▸ THE DATA
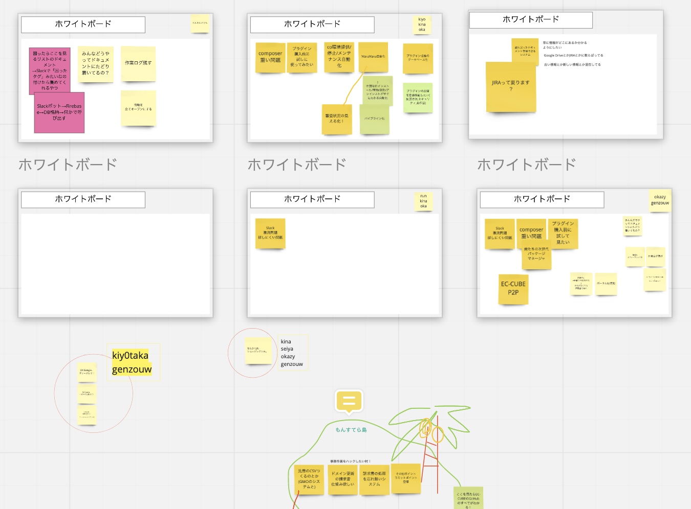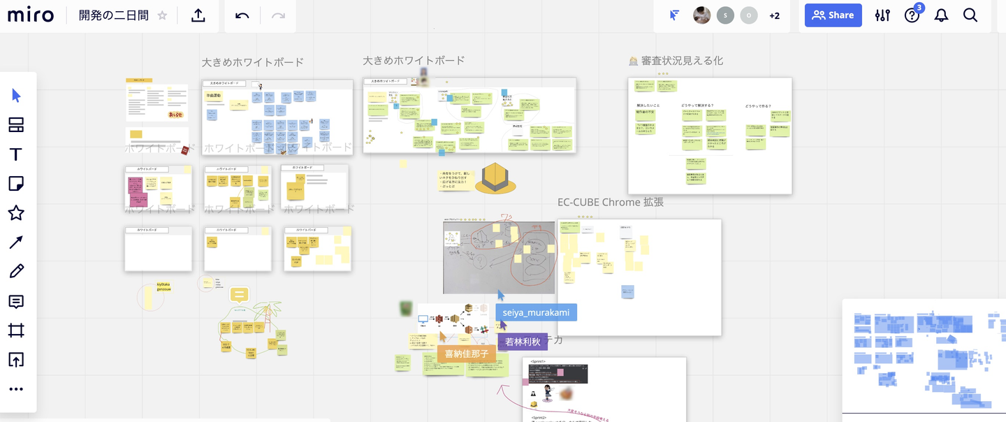 miroでは画面を広くつかうことができ、ホワイトボードもどんどん増やしていくことができます。隣のチームで作業している様子を覗いたり、miroを見ながら会話はDiscordで行うなど、思ったよりスムーズにコミュニケーションすることができました。
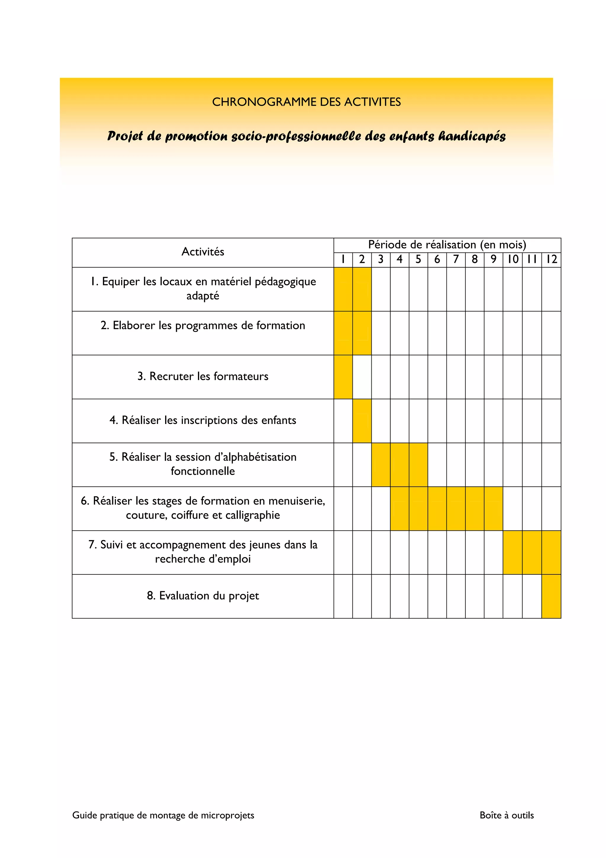 Le document présente un chronogramme pour un projet de promotion socio-professionnelle des enfants handicapés, incluant des activités sur une période de 12 mois. Les principales actions consistent à équiper les locaux, élaborer des programmes, recruter des formateurs et offrir des formations diverses. Il est également prévu un suivi des jeunes dans leur recherche d'emploi et une évaluation du projet.
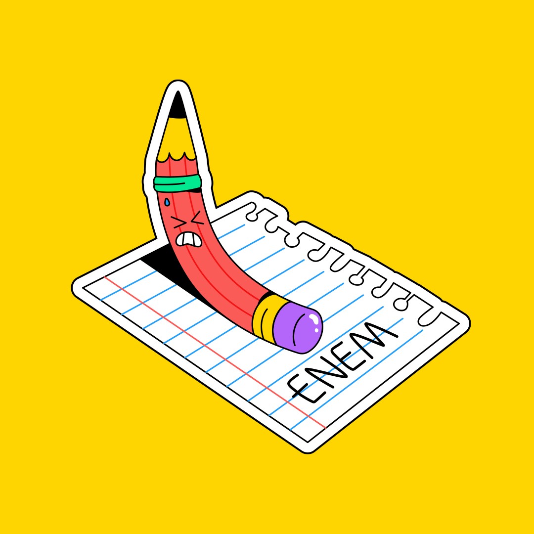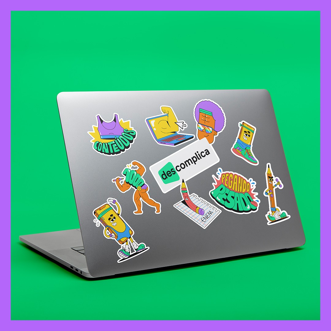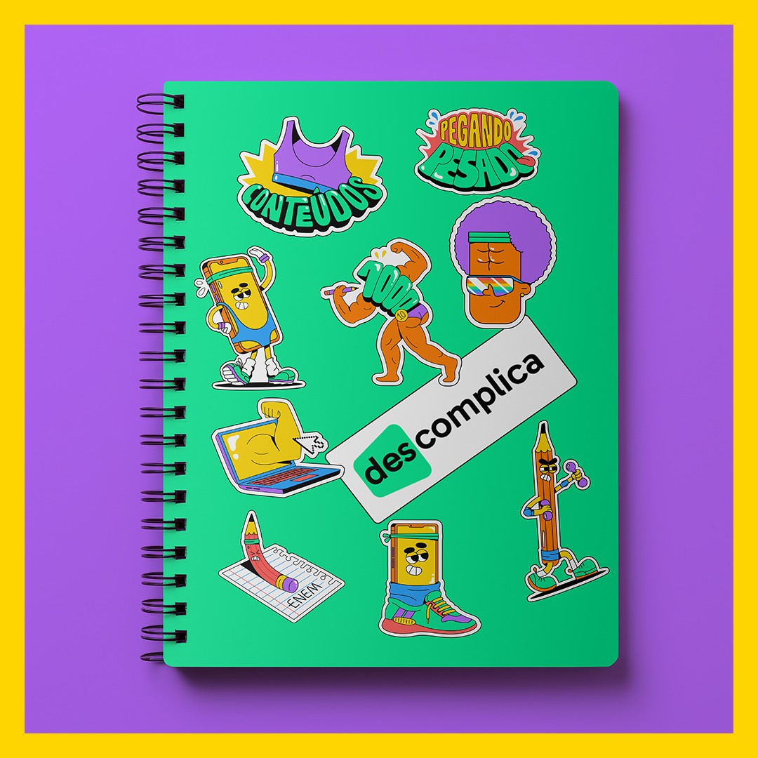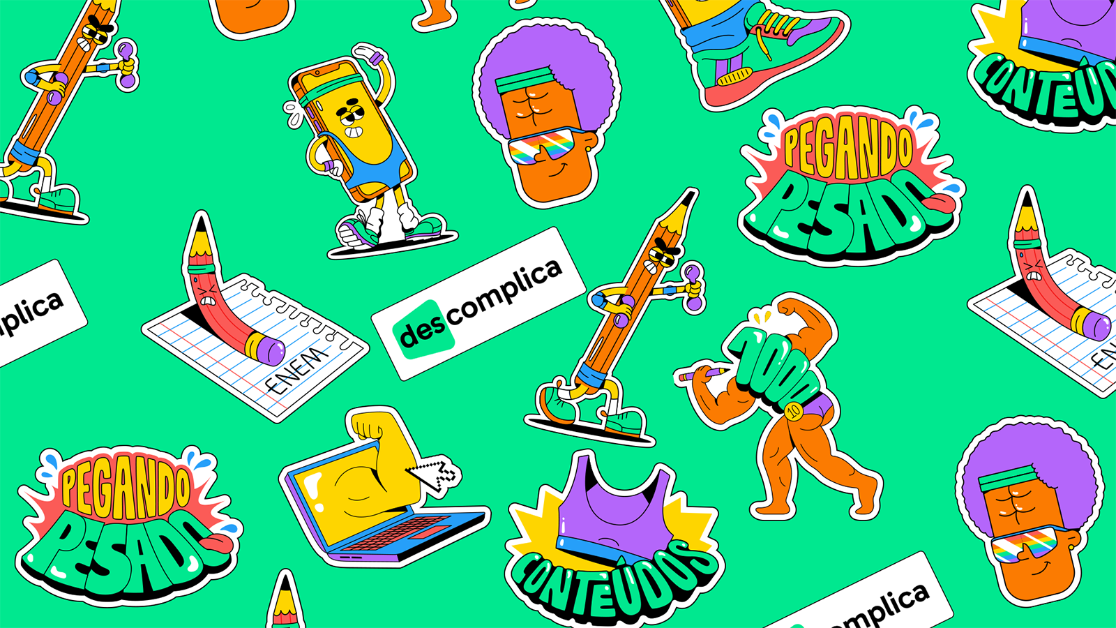 Série de adesivos ilustrados que criamos para a Descomplica, uma plataforma online de aulas de reforço para estudantes do ensino médio, graduação e pós-graduação. Desenvolvemos ilustrações para o período pré-Enem com a ideia de ajudar a engajar estudantes que precisam de apoio nessa reta final. As ilustrações fazem referência a treinos de atividade física com o estudo, trazendo um tom humorístico e dando leveza a um período que é tão estressante na vida de quem vai prestar esse tipo de exame.
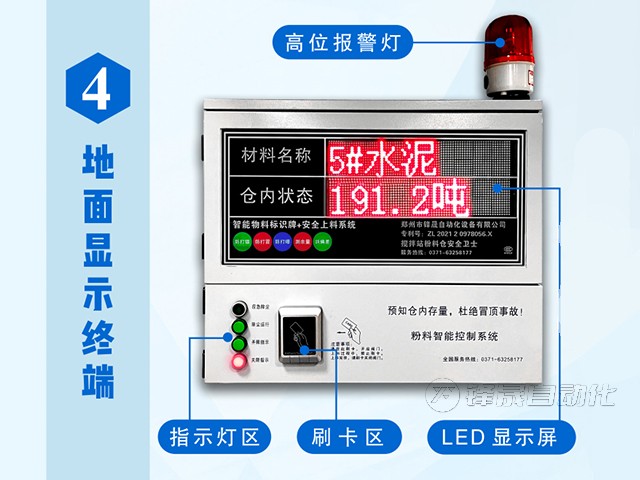 2.地面显示终端通常安装在粉料仓附近的显眼位置,方便操作人员随时查看。它的FED屏上也会数字化显示物料的信息。

▸ EXERCISE DIRECTIONS
Reproduce the data above without a single change, please, but without its pictures.

▸ SOLUTION BELOW
 miroでは画面を広くつかうことができ、ホワイトボードもどんどん増やしていくことができます。隣のチームで作業している様子を覗いたり、miroを見ながら会話はDiscordで行うなど、思ったよりスムーズにコミュニケーションすることができました。
 Le document présente un chronogramme pour un projet de promotion socio-professionnelle des enfants handicapés, incluant des activités sur une période de 12 mois. Les principales actions consistent à équiper les locaux, élaborer des programmes, recruter des formateurs et offrir des formations diverses. Il est également prévu un suivi des jeunes dans leur recherche d'emploi et une évaluation du projet.
 Série de adesivos ilustrados que criamos para a Descomplica, uma plataforma online de aulas de reforço para estudantes do ensino médio, graduação e pós-graduação. Desenvolvemos ilustrações para o período pré-Enem com a ideia de ajudar a engajar estudantes que precisam de apoio nessa reta final. As ilustrações fazem referência a treinos de atividade física com o estudo, trazendo um tom humorístico e dando leveza a um período que é tão estressante na vida de quem vai prestar esse tipo de exame.
 2.地面显示终端通常安装在粉料仓附近的显眼位置,方便操作人员随时查看。它的FED屏上也会数字化显示物料的信息。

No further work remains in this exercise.